● DATASET EXCERPT:

BEGIN

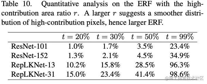 论文也对ResNet和RepLKNet的有效感受域进行可视化和统计,发现RepLkNet整体有效感受域要大于ResNet。
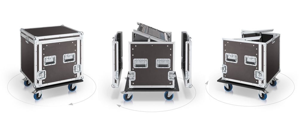 The case body is constructed from 7 mm multi-layer birch plywood in Double Door design. Durable 25/25 mm aluminum edge profiles and chrome-plated steel ball corners provide exceptional protection. The tiltable top-mounted 48,3 cm ( 19 inch ) rack rail is perfect for mixer positioning and intuitive control access.
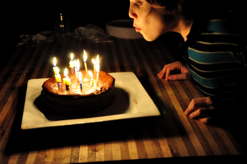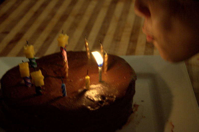 So now 12 year old "O" is blowing out the candles on his cake, that is until they lit up again.
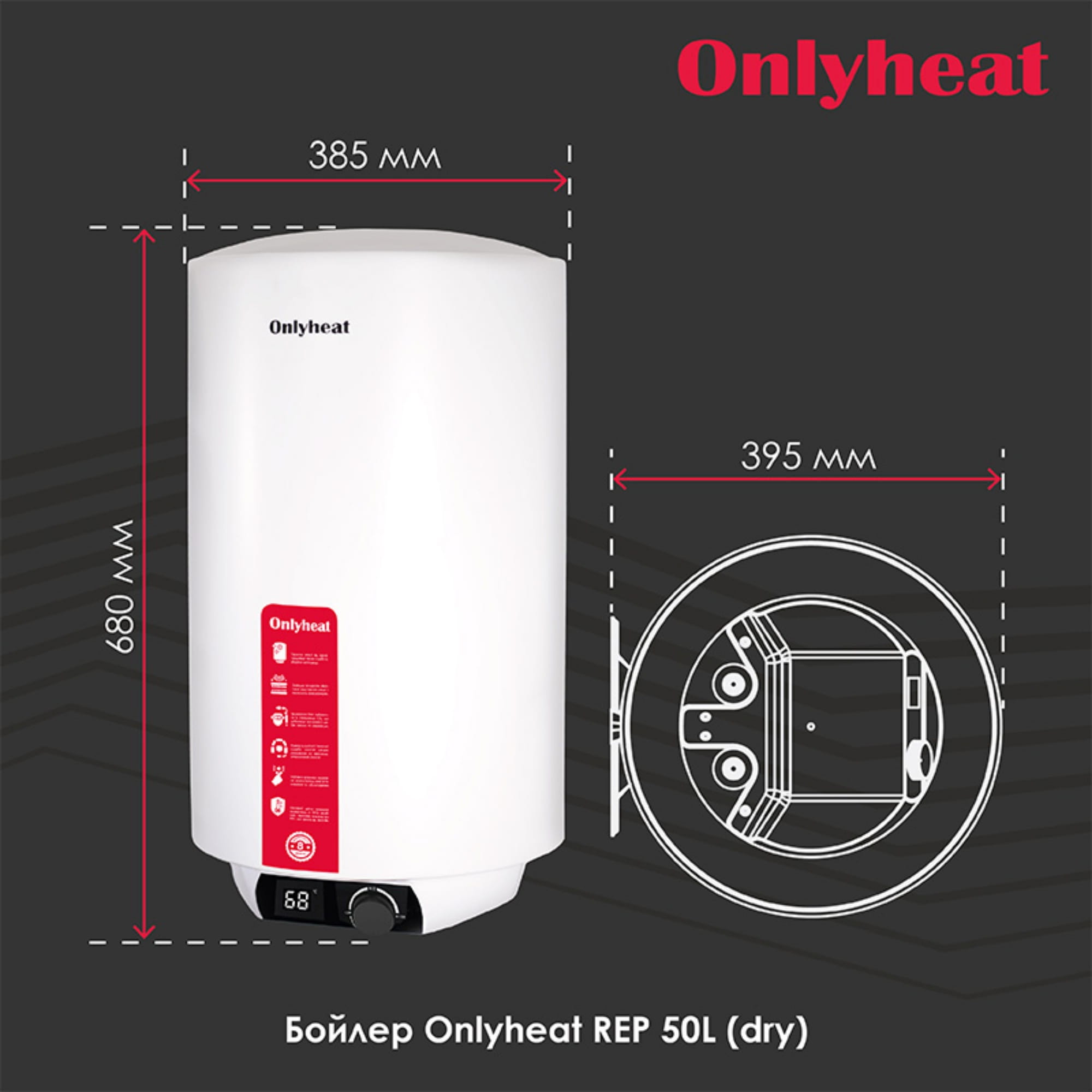 Бойлер Onlyheat REP50L(dry) 2 кВт 50 л сухий ТЕН, вертикальний, білий

END

● BRIEF: Please retype the listing exactly, leaving out any images.

● SOLUTION FOR THIS PROBLEM:
 论文也对ResNet和RepLKNet的有效感受域进行可视化和统计,发现RepLkNet整体有效感受域要大于ResNet。
 The case body is constructed from 7 mm multi-layer birch plywood in Double Door design. Durable 25/25 mm aluminum edge profiles and chrome-plated steel ball corners provide exceptional protection. The tiltable top-mounted 48,3 cm ( 19 inch ) rack rail is perfect for mixer positioning and intuitive control access.
 So now 12 year old "O" is blowing out the candles on his cake, that is until they lit up again.
 Бойлер Onlyheat REP50L(dry) 2 кВт 50 л сухий ТЕН, вертикальний, білий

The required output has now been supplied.